First off. Im jealous. I have no spave for an awesome setup like that!

I recall somewhere that someone adding water to their tanks had a gel like substance that was stringy formed on the water surface and went away after a few minutes. No harm was done and no one could figure out what it was... 
.. otherwise it looks like youve got everything down pat

Im curious. What grass do u have that is legal? It kinda stuck out at me.. doesnt look like anything illegal just curious


----------



## msawdey (Apr 6, 2009)

+1 to this... i did not do any of this (DOH!) and it was causing huge problems. I now mix with a bit of tap to get O2 and minerals into the RO



HD Blazingwolf said:


> well i can tell u its not temp
> my water temps drop between 4-10 degrees depending on how accurate my hand is feeling and how close attention i pay when filling up my buckets.. never had that cause algae
> 
> 
> ...


----------



## 150EH (Dec 6, 2004)

HD Blazingwolf said:


> First off. Im jealous. I have no spave for an awesome setup like that!
> 
> I recall somewhere that someone adding water to their tanks had a gel like substance that was stringy formed on the water surface and went away after a few minutes. No harm was done and no one could figure out what it was...
> .. otherwise it looks like youve got everything down pat
> ...


Thanks, I'm really liking the setup and my tank is getting super clean, but the strings of mystery showed up so quickly it was strange but the left just as quick.

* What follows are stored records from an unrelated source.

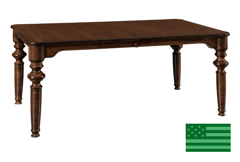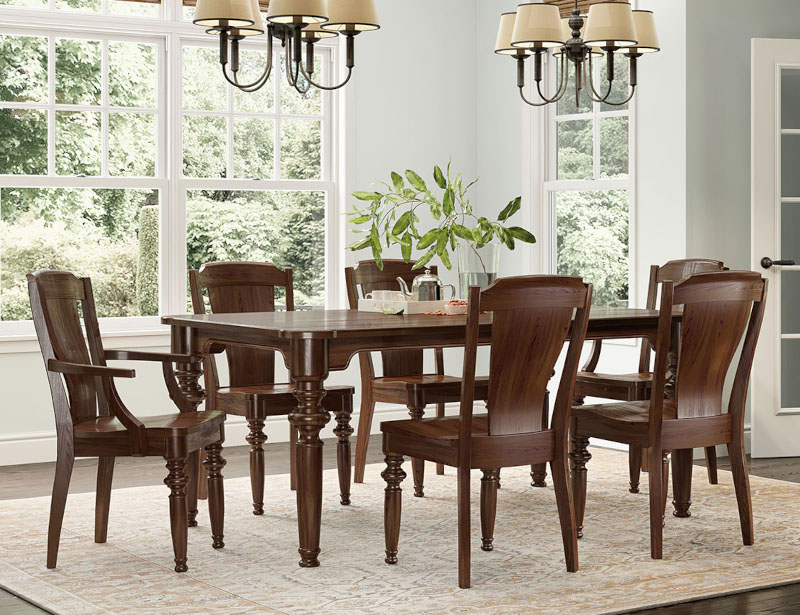 Our hand made Amish Chancellor Dining Table, shown here in Brown Maple with Coffee stain (dining room set is shown in Red Oak with Museum stain), features a 1" thick solid top with a standard roundover edge. Our Amish dining room sets are made with solid hardwoods sustainably grown and harvested in the USA and can be customized; email us for customization. Made in Indiana.
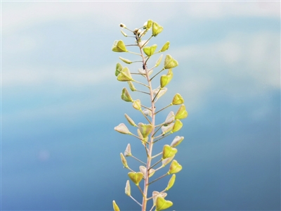 仲春,漫步于临平古海塘文化公园,当条块石塘、竹笼石塘、柴塘、鱼鳞石塘、范公塘等六道海塘赫然呈现在眼前,我的心灵被深深震撼。我无意间在公园小道上发现一丛清新可人的植物,叶片呈锯齿状,绿茎上轮生着一个个爱心果荚,顶部开着素雅的小白花。我蹲下身试图轻抚它,指尖刚触及就有一股清香扑面而来,气息既亲切又熟悉:“哦,是荠菜!”在这里与它不期而遇,我竟莫名地激动起来。
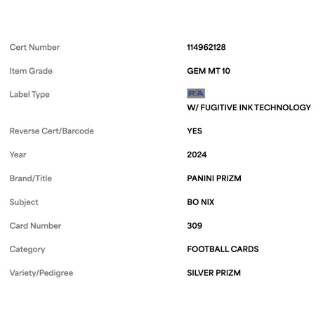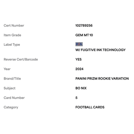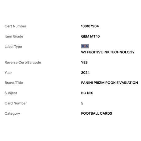 Bo Nix PSA 10 2024 Panini Prizm Draft Picks Prizm Breaks Card #PBBNX
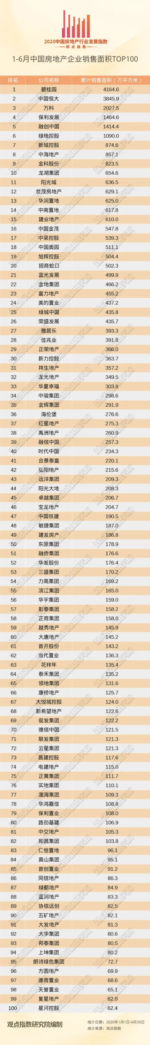 观点指数·2020年上半年中国房地产企业销售金额TOP100
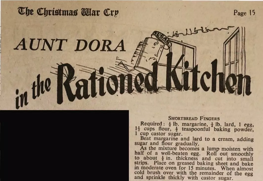Sadly, with the social restrictions of COVID-19, this year we are unable to come together and break bread (or cake) so we decided to do something a little different. Instead of retreating to our own cookery books, we went in search of archival recipes. For some years The Salvation Army’s newspaper, The War Cry, has offered up seasonal recipes and baking tips under its ‘Kitchen Corner’, ‘Betty Briggs’ recipes’ and ‘Aunt Dora’s Kitchen’; and these offerings, along with several manuscript sources that we have happened across over the years, have provided a store cupboard of historic recipes to whet our appetite.
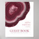 Tous les designs mariages ne sont pas égaux. L'agencement asymétrique des pièces de cet ensemble mariage frappant prouve que ce n'est pas une mauvaise chose ! Des bandes de couleur ondulées, allant du bordeaux au rose doux et gris, avec un centre de cristal scintillant, forment un accent géode/agate sur la plupart des pièces de l'ensemble. Le signe mariage "Livre d'Invité" qui apparaît ici présente les éléments ci-dessus ainsi qu'un modèle pour ajouter un message personnel, vos noms et la date du mariage. Recherchez ID647 pour voir toutes les pièces de coordination de cet ensemble.
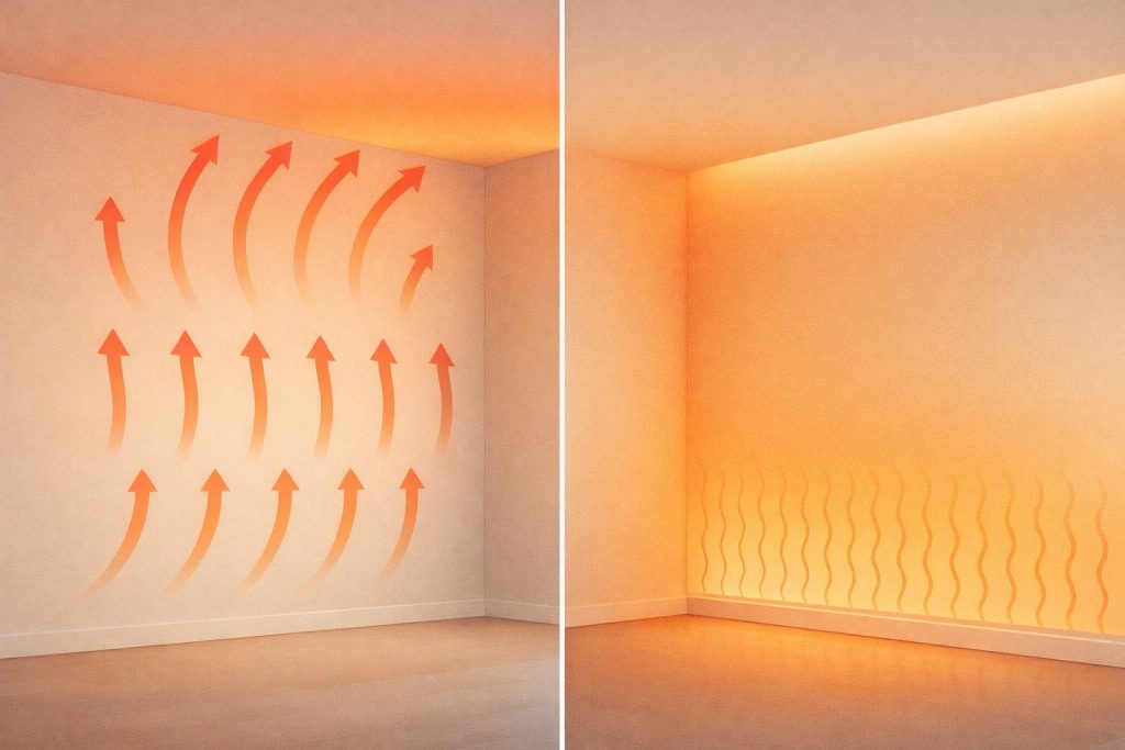 Traditional radiators and forced-air systems heat the air, which rises and often creates uneven temperature zones. However, infrared heating warms surfaces directly, which helps reduce cold spots. In addition, there is less air movement, which can reduce drafts and make indoor comfort feel more consistent.

I owned a small landscape company and a supplier of perennials gave me the poster to put in my office so customers could see the different types of ornamental grasses in our area. But I put in the garage because I didn't want it in my office and I thought some people might find it offensive?



msawdey said:


> +1 to this... i did not do any of this (DOH!) and it was causing huge problems. I now mix with a bit of tap to get O2 and minerals into the RO


I went with Equilibrium and Baking Soda, I like all the controll and I had a bad problem with sediment and silicates so I thought it might be best to keep the untreated well water out of the tank all together, it's working.


----------



## HD Blazingwolf (May 12, 2011)

have you not found baking soda to be unreliable? i've heard it quickly leaves the water column and drops kh? around 5-7 days i hear

u may check into seachem alkalinity booster.. its a wonderful buffering product but completely unneccessary in my area


----------



## 150EH (Dec 6, 2004)

I haven't had a problem that I'm aware of but I'll need to check, I was going to use the alkalinity booster and someone suggested calcium carbonate from fleabay because it's cheap but both ways are probably cheap?


----------



## msawdey (Apr 6, 2009)

If i have learned 1 thing with keeping tanks, whenever i try to go cheap, i mess it up somehow.. ... which is why now use tap with RO


----------



## HD Blazingwolf (May 12, 2011)

Calcium carbonate would have been my next reccommendation. Or rocks such as dolomite. Having more than just calcium as a buffer is natural at the least dolomite is calcium magnesium carbonateOr (CaMg)(Co3)


----------



## Denis Onii (Jul 2, 2010)

interesting, and bizarre! 

In the wild, temperature and light period are the two most important "triggers" for algae changing behaviour, switching from sexual to asexual reproduction, spore germination etc In a tropical tank, where the temperature is fairly constant this has a negligable or non existent effect.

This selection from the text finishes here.